那样的乱日中,战火纷飞,朝野亦是动荡,彼时刚登基的皇帝忙着党同伐异,整顿朝纲,哪里会分出心思关心他母子二人?
她隐约记得,皇帝登基后没有立即立后,也没有接任何妃嫔入宫,而是等第二年开春后迎娶了她的小姨母姚皇后,才充盈后宫。
虽然于礼法不合,但当时皇帝下令将宰辅沈晏清满门抄斩,文官群龙无首自保不暇,哪里还有人胆敢置喙。
“是啊,若没有母亲,或许我当年便已不在人世了。
哪里还能与你相识。”
谢明翊语气状若随意,懒懒地将卫姝瑶的乌发绕在手指上。
卫姝瑶心里闷闷地疼起来,抬眼望着他,只能用力握紧他的另一只手。
谢明翊却突兀止住了话头,没有再多言,轻声说:“且先睡会儿吧,到了地方我再唤你起来。”

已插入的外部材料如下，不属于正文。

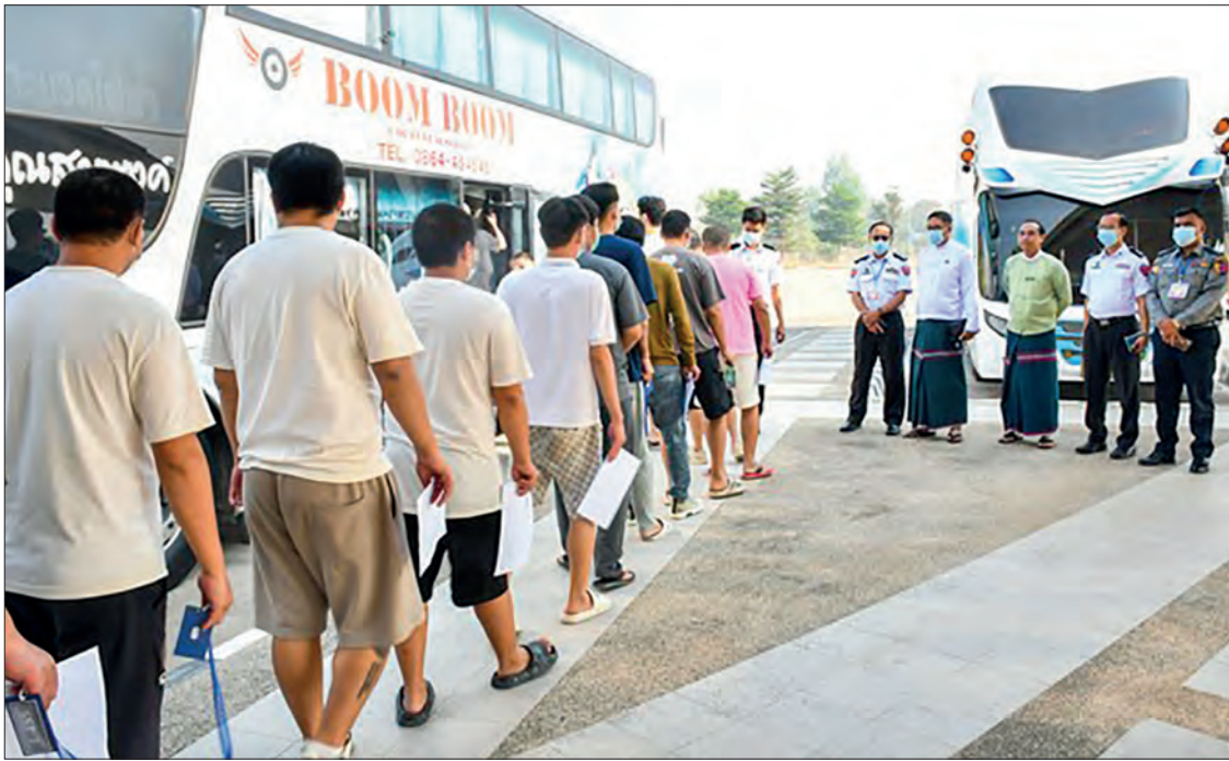
Myanmar Immigration and officials overseeing the deportation of foreign nationals yesterday.

MYANMAR authorities sent back 365 Chinese nationals, who were involved in online gambling, telecom fraud and destructive actions, via the Myanmar-Thailand Friendship Bridge II on humanitarian grounds and for bilateral relations yesterday.
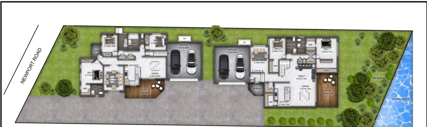
DWELLING 1 FLOOR PLAN
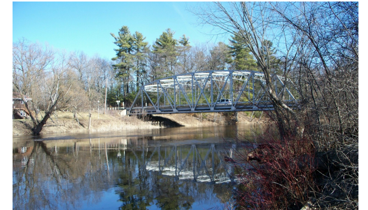
The old steel bridge on Highway 22, spanning the Wolf River in Belle Plaine, will be replaced starting in May.

"The steel truss bridge has been documented through the Section 106 historical process and will be dismantled by the contractor," McHugh said. "Some steel elements of the structure are
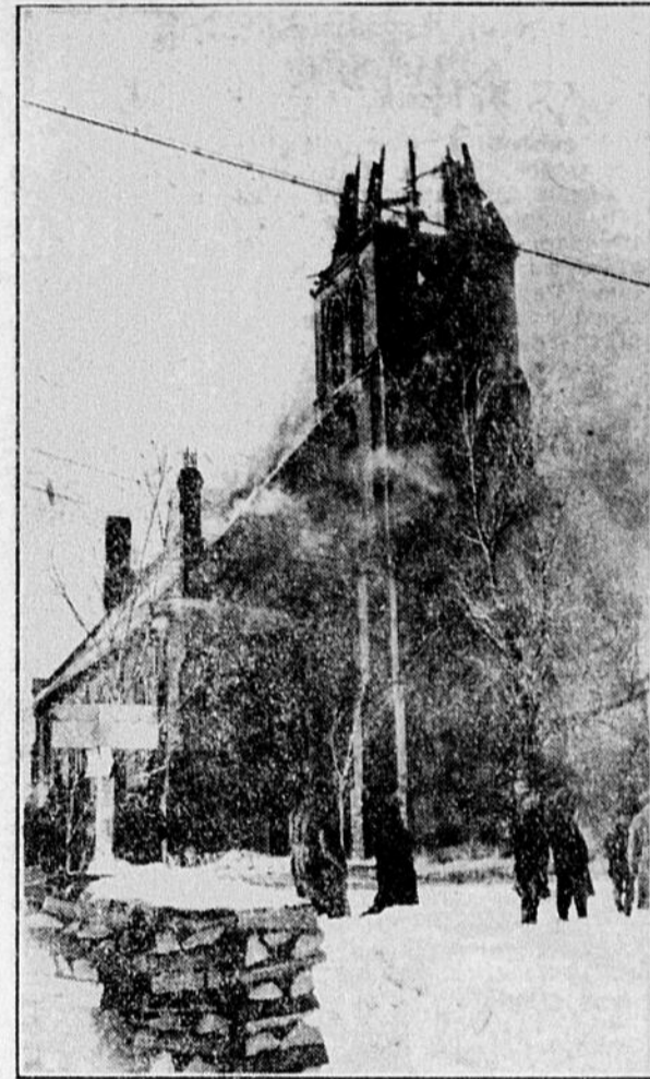
Photographed at 4.05 p.m. by R. K. Black.
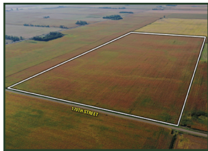
TRACT 1: 80 ACRES M/L 79 FSA cropland acres 87.9 CSR2

Tracts 1-5 are located southwest of Perry, and Tracts 6-12 are located west of Dallas Center. Online bidding is available via our mobile app!
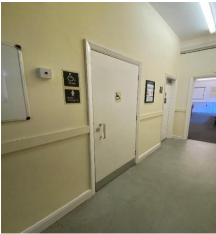
Accessible Toilet Entrance
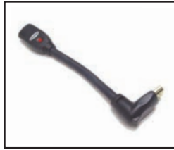
35-718, 35-718A HDMI Right Angle Adapter Cables The 35-718 Series Adapters provide a low profile cable exit solution for tight spaces Behind video displays, A/V receivers, switching and amplifier devices. Length 6".
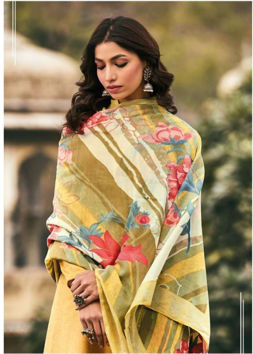
LOOK # 597
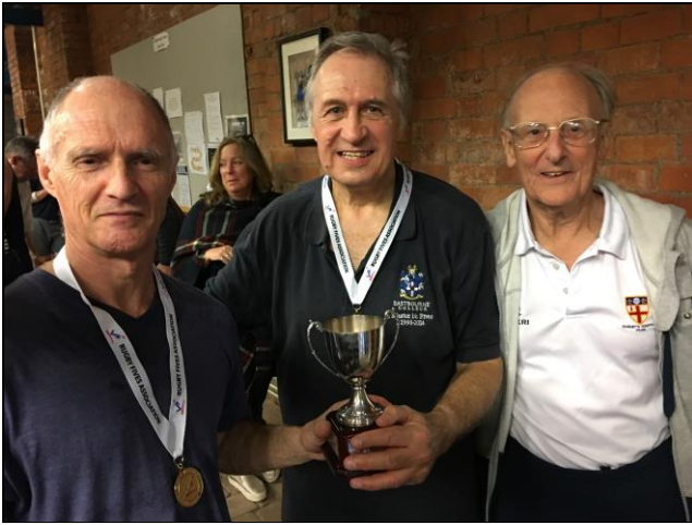
2018 Title number 2

卫姝瑶的病症只是暂且压制住了,连日奔波又开始疲乏,便依言伏在他膝盖上沉沉睡去。
谢明翊垂着眼凝视了她片刻,慢悠悠掀起帘子,望了一眼安静的小镇。
夜色幽静,对曲州当地百姓来说,这是再平淡不过的一日。
但谢明翊却忽然心底生出慨然。
洛镇,他不是第一次来。
十四年前,这里远没有如今的安宁,食不果腹的人随地可见。
崔嫔将他从长宁宫救出来后,带着他从京城出发一路南下。
起初,还能看见有人躺在残破墙垣下,目光呆滞地啃着手里发霉的粮食。
再往南,走的小路越来越偏僻,活人也越来越少见了。
他闻着沿路腐烂的臭味,看过曝尸荒野的森森白骨,熬过了度日如年的二十七日。
每一日,都让自出生起便钟鸣鼎食的他感到绝望。
崔嫔把干粮小心翼翼地藏着,每日分他一点,自己多半时候是饿着肚子,就这样勉强应付着一直到了曲州。
第二十七日,他们到了洛镇,终于吃光了所有干粮。
数九寒天,谢明翊染了风寒,腿上本来已经愈合的伤势忽地又恶化了。
崔嫔也备受饥饿折磨,浑身无力。
她撑着最后的力气,抱着瘦弱的幼童,蹒跚而行,沿路问询,问有没有人能救救她的孩子。
他就缩在她怀里,睁着漆黑的眼眸,空洞地望她,不哭也不喊疼。
崔嫔抱着他去曲州城里,眼里含着怆然,不住地低声恳求:“救救他,他不能死,他还那么小,救救他……”
可沿路行人自顾不暇,无人多看她半眼。
冬日太冷了,她拖着疲惫的身子,双臂冻得僵硬,快要抱不动他。
大雪飘飞,崔嫔深一脚浅一脚踩在雪里,朝着城里最破败的医馆踽踽行去。
“你以后不能姓谢了,该叫你什么?”
她望着黑沉沉的乌云,喃喃叹气,“你母亲给你取的名字叫晟儿,真好听啊……可我没什么学识,我没念过书。”
“这么冷的天,若能有太阳就好了。”
她衣衫褴褛,望着他的目光却慈祥温柔。
“不如,以后就叫你奕儿。”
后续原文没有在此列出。